GeneDx will present clinical and innovation specialities sponsored by GeneDx Infinity™, the vast rare disease dataset. The company will bring Infinity’s role into the light in addressing novel gene-disease discoveries. This will allow GeneDx to give well-informed answers for clinicians and earlier and more precise diagnoses for families and patients. The GeneDx is substantially preparing to explain how data created from genomic testing supports impact and progress throughout the healthcare ecosystem, from the examining and patients groups directly to clinical laboratories, biopharma and more.
GeneDx’s data harnessing the potency of work accomplished and long-read sequencing on access and reimbursement will grab attention at the NSGC annual meeting. The company’s presence at NSGC reinforces the company’s dedication to upgrading precision medicine via scale, real-world and innovation evidence, while encouraging genetic counsellors with insights and tools that will transition patient care. Along with 1000+ scientific counting and publications, the company is building critical data that elaborates that genome and exome testing as a standard of care.
The first session will cover redesigning the equitables reimbursement and access to map billing, coding, and coverage whammies. The MC, CGC, Head of Payor Evidence Strategy at GeneDx, Sarah Soto, will join clinical policy experts and the company payer. The second session will cover the scalability of valuable clinical interpretation along with sophisticated gene-disease curation.

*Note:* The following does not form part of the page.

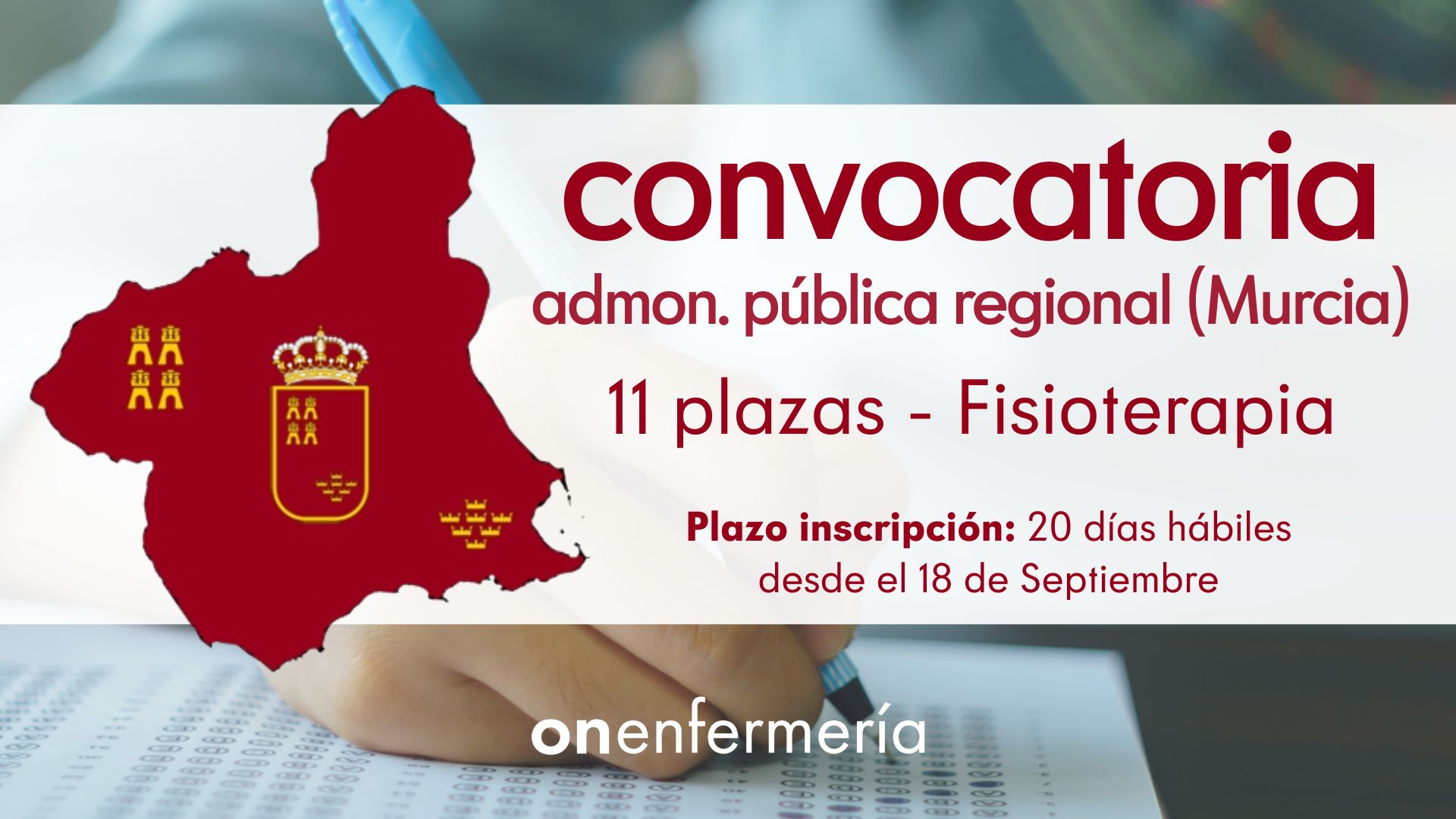 La Administración Pública de la Región de Murcia ha publicado una nueva convocatoria de empleo público para cubrir 11 plazas de Fisioterapeuta mediante el sistema de oposición libre.

The third session will shed light on the advancement of clinical impact involving long-read sequencing. The fourth session reveals the result of genomic data. For each session, the expert's contribution fuelled the session intellectually.
Holding M.Pharm in Pharmaceutical Chemistry, Chandni crafts cutting-edge, research-driven healthcare news for Towards Healthcare, combining scientific depth with innovative storytelling to simplify complex topics for global readers.